Muscular System Notes
Chapter 08: Muscular System
8.1 Introduction to the Muscular System
Definition of Muscles: Organs that generate force to facilitate various types of movement.
Examples of Muscle Actions:
Walking
Breathing
Pumping blood
Moving food through the digestive tract
Types of Muscle Tissue: There are three types of muscle tissue:
Skeletal Muscle: Responsible for voluntary movements.
Smooth Muscle: Involuntary muscle found in organs.
Cardiac Muscle: Involuntary muscle found in the heart.
8.2 Structure of a Skeletal Muscle
Number of Skeletal Muscles: The human body contains over 600 skeletal muscles.
Connective Tissue Coverings:
Fascia: Layers of dense connective tissue that surround and separate each muscle.

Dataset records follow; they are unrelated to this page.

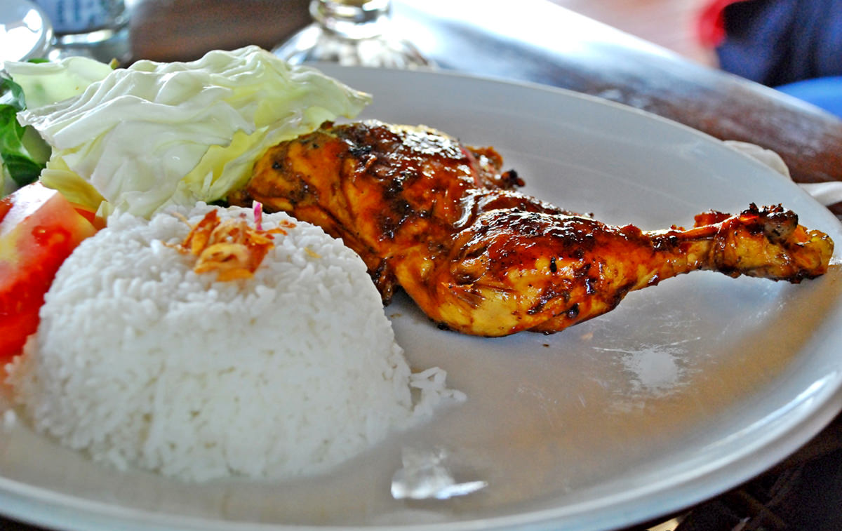Other Bebek Tepi Sawah Restaurant favorites include ayam asap goreng, a fried smoked chicken served with stir fried water spinach and sambal sauce, and spicy grilled spring chicken that it interestingly lists on the menu as ‘grilled cock fighting chicken’. Ubud has been famous for its grilled pork ribs, served at several key restaurants located all over the region, and this restaurant has its own take on the mouth-watering favorite.
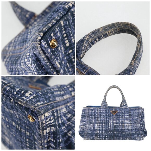 PRADA Canapa GM Hand Bag Canvas Blue Gold
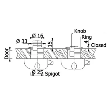 Basmalı butonlu yaylı kilit, kapılar ve kapaklar için. 3836180 kilit için buton & halka. Delik Ø 26mm.
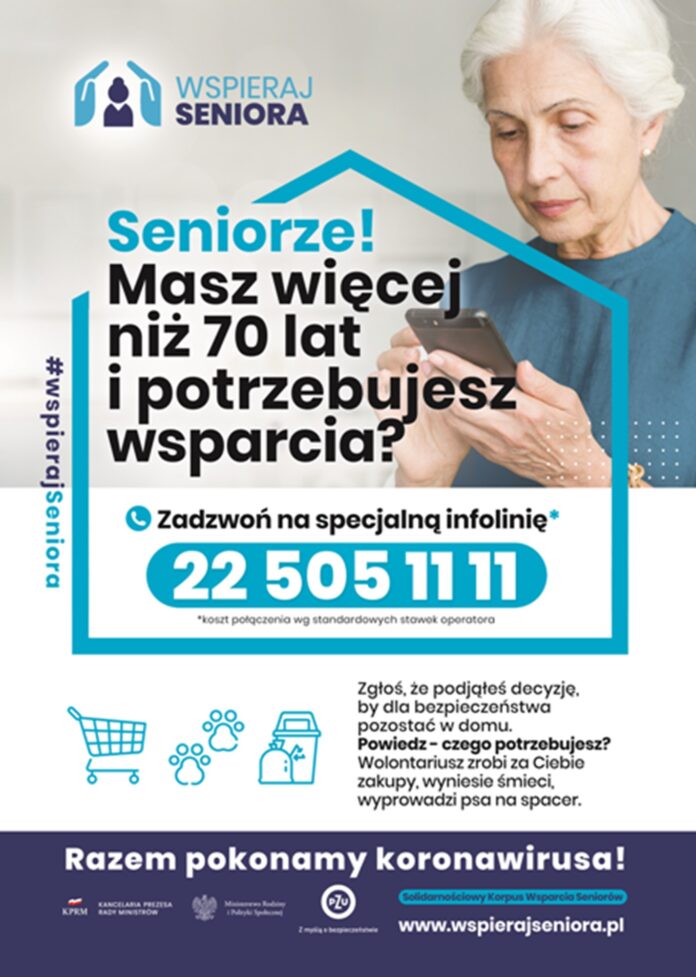 Jeśli w Twoim otoczeniu znajdują się osoby starsze  wymagająca pomocy możesz również to zgłosić przez infolinie.
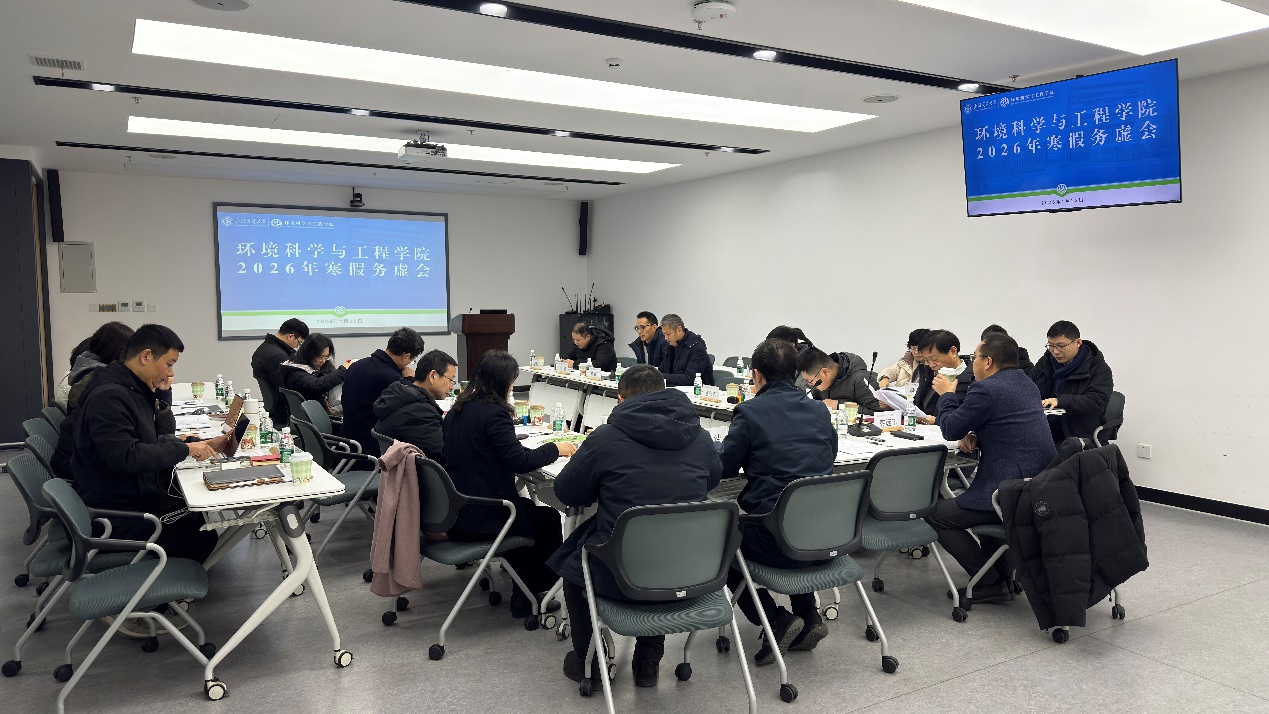 1月22日,环境学院2026年寒假务虚会在绿色环境楼231会议室举行。学校科研院学术发展与成果处副处长叶定剑、材料学院副院长韩远飞应邀参会。环境学院党委书记郑浩、院长于云江,全体领导班子成员、各系主任、党支部书记、科室(中心)主任及教师代表30余人出席会议。会议由郑浩主持。
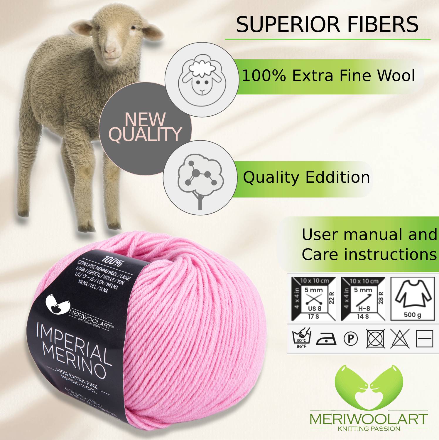 IMPERIAL Pink MERINO WOOL YARNS 50g 125m
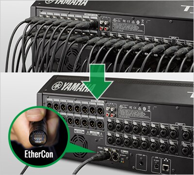 Para los usuarios que desean tener una expansión en entradas y salidas, TF Series tiene la capacidad de lograrlo utilizando la tarjeta NY64-D y hasta 3 equipos Tio1608-D conectados en cascada. Este sistema conectado por medio de cableado para red CAT5e permite tener niveles muy bajos de latencia, alta calidad en el sonido y sin tener que consumir tiempo transportando un snake analógico, grande y aparatoso.
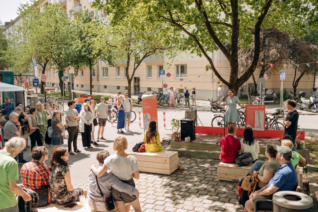 Letztes Wochenende, am 17. Juni 2023, startete unser Projekt aqt – autoreduzierte Quartiere für eine lebenswerte Stadt in der südlichen Au. Gemeinsam mit circa 800 Anwohnerinnen und Anwohnern sowie Passantinnen und Passanten haben wir den Auftakt den ganzen Samstag lang gefeiert und wurden von lokalen Musikerinnen und Musiker sowie Künstlerinnen und Künstler begleitet.
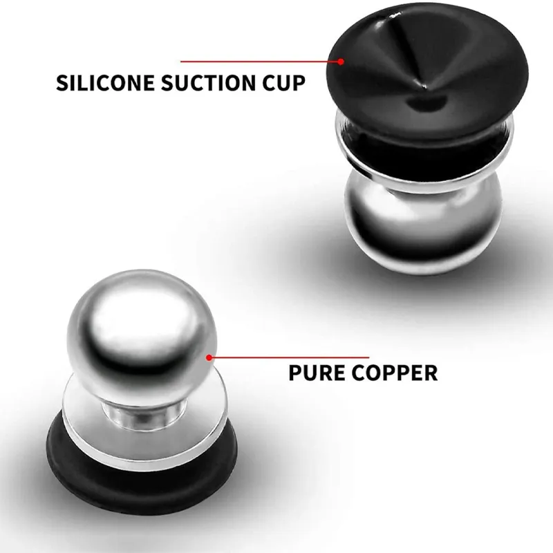 •Color:Silver. •Material:Copper, Silicone. •Size:1.1 × 1 cm. •Construction:Copper buttons, suction cup base. •Compatibility:Suitable for various types of smartphones.
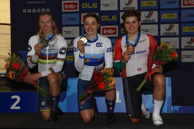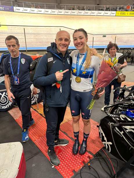 L’azzurra regala all’Italia il primo titolo della rassegna continentale vincendo davanti alla campionessa del mondo Wiebes. Bene i quartetti, che domani affronteranno il primo turno
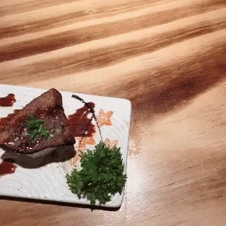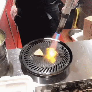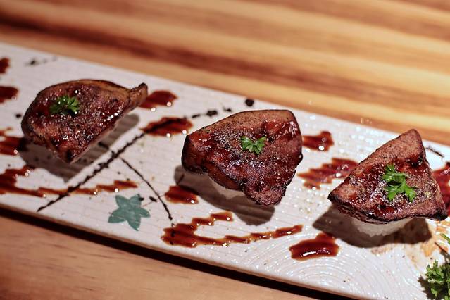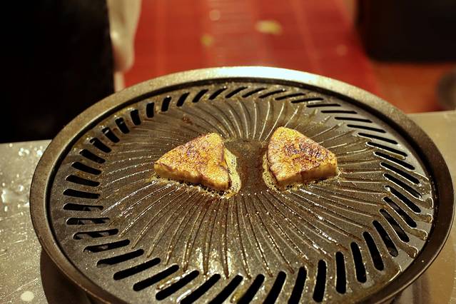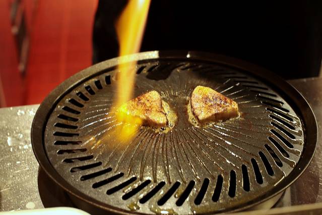 看到厨师拿出一大块鹅肝时,眼睛已经发光了。鹅肝放置铁盘上用烈火炙烤,瞬间里面的脂肪流出金黄色的油,一股香气也随之扑鼻而来,这时不禁咽了咽口水。
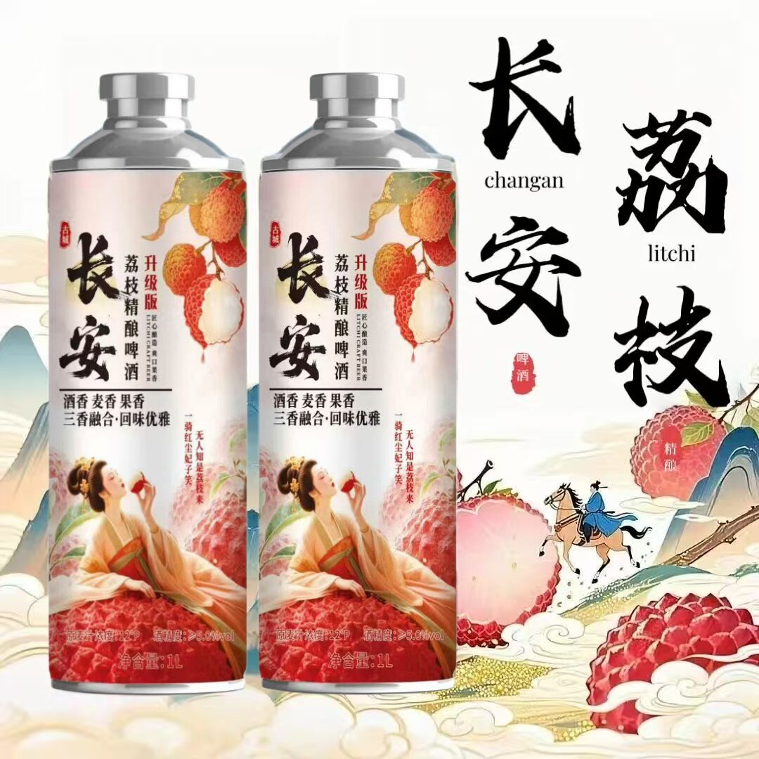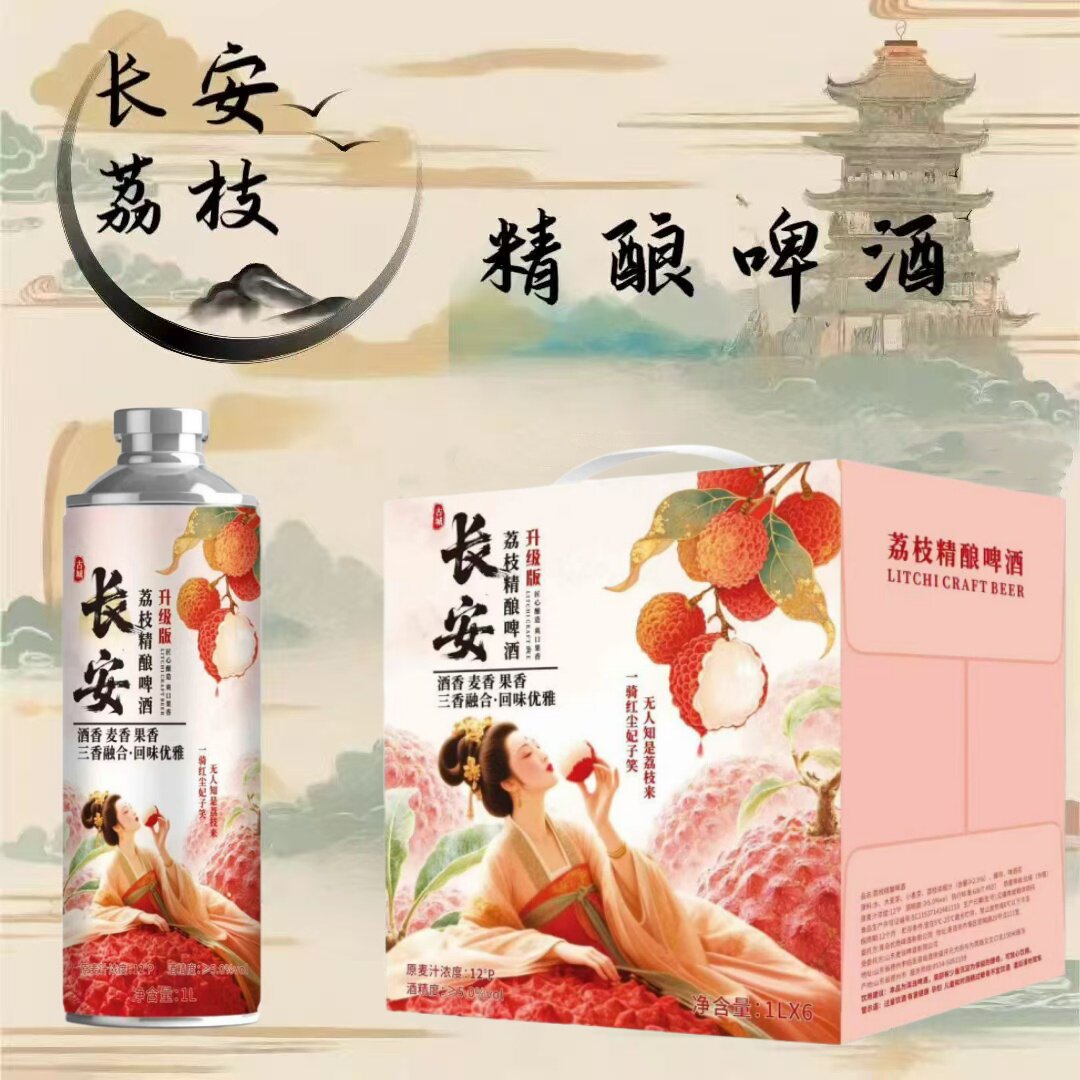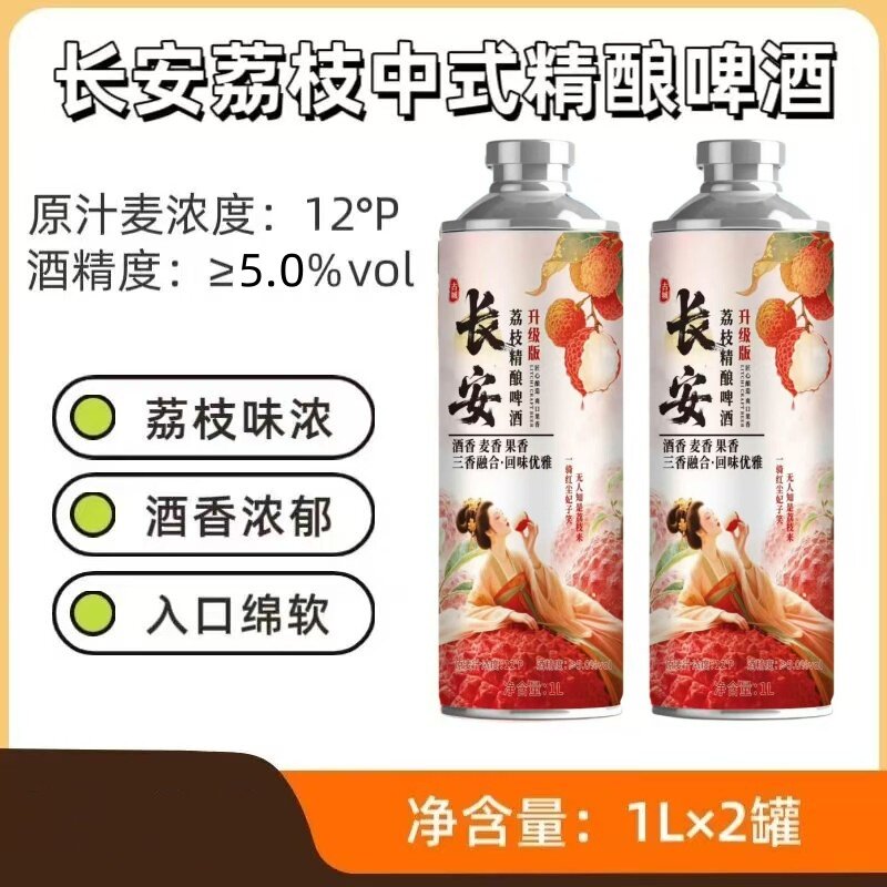 网红款12度长安荔枝中式精酿啤酒1L6罐整箱批发果啤商用

Tendons: Extensions of the fascia that connect muscles to bones, fused to the periosteum.
Aponeuroses: Broad sheets of connective tissue that can connect muscles to skin or other muscles.
Connective Tissue Coverings Details
Epimysium: The outer layer of connective tissue surrounding each skeletal muscle.
Perimysium:
Extends inward from the epimysium.
Surrounds bundles of skeletal muscle fibers called fascicles.
Endomysium: Connective tissue layer that covers each muscle cell (fiber).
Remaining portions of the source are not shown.